The museum has an operating budget, as of September 2018, of $120.6 million. In 2008, the museum had a staff of about 400 employees, 125 contractors, 650 volunteers, 91 Holocaust survivors, and 175,000 members. It had local offices in New York City, Boston, Boca Raton, Chicago, Los Angeles, and Dallas.

Since its dedication on April 22, 1993, the museum has had nearly 40 million visitors, including more than 10 million school children, 99 heads of state, and more than 3,500 foreign officials from over 211 countries and territories. The museum's visitors came from all over the world, and less than 10 percent of the museum's visitors are Jewish. Its website had 25 million visits in 2008, from an average of 100 countries daily. Thirty-five percent of these visits were from outside the United States.

The USHMM's collections contain more than 12,750 artifacts, 49 million pages of archival documents, 85,000 historical photographs, a list of over 200,000 registered survivors and their families, 1,000 hours of archival footage, 93,000 library items, and 9,000 oral history testimonies. It also has teacher fellows in every state in the United States and, since 1994, almost 400 university fellows from 26 countries.

Researchers at the United States Holocaust Memorial Museum have documented 42,500 ghettos and concentration camps created by the Nazis throughout German-controlled areas of Europe from 1933 to 1945.

Though the museum is located geographically in the same cluster as the Smithsonian museums, contrary to popular conception, the United States Holocaust Memorial Museum is an independent entity, with its own governance structure.
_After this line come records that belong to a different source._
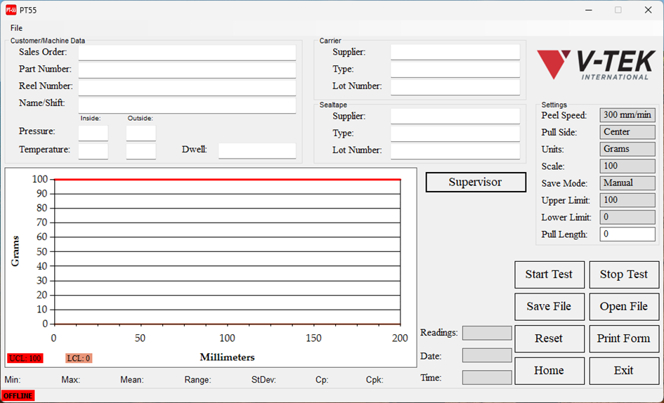 Start the PT-55 Software (S291257 v2.0.7951.19039.exe) and then click the V-TEK logo (top right) to import the machine’s latest calibration data to the PC.
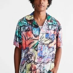 Patterned rayon shirt by Urban Outfitters with a button-down front. Short sleeve shirt cut in a slightly relaxed fit with a tab collar.
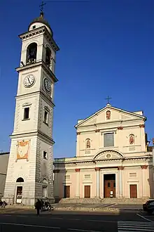 San Michele, locally called in dialect, Gésa Granda, is the Roman Catholic parish church located in the city center at Piazza Dante Alighieri in the town Cameri, province of Novara, Piedmont, Italy.

However, the museum and the Smithsonian regularly participate in joint projects.

History

President's Commission on the Holocaust

On November 1, 1978, President Jimmy Carter established the President's Commission on the Holocaust, chaired by Elie Wiesel, a prominent author, activist, and Holocaust survivor. Its mandate was to investigate the creation and maintenance of a memorial to victims of the Holocaust and an appropriate annual commemoration to them. The mandate was created in a joint effort by Wiesel and Richard Krieger (the original papers are on display at the Jimmy Carter Museum). On September 27, 1979, the Commission presented its report to the President, recommending the establishment of a national Holocaust memorial museum in Washington, D.C., with three main components: a national museum/memorial, an educational foundation, and a Committee on Conscience.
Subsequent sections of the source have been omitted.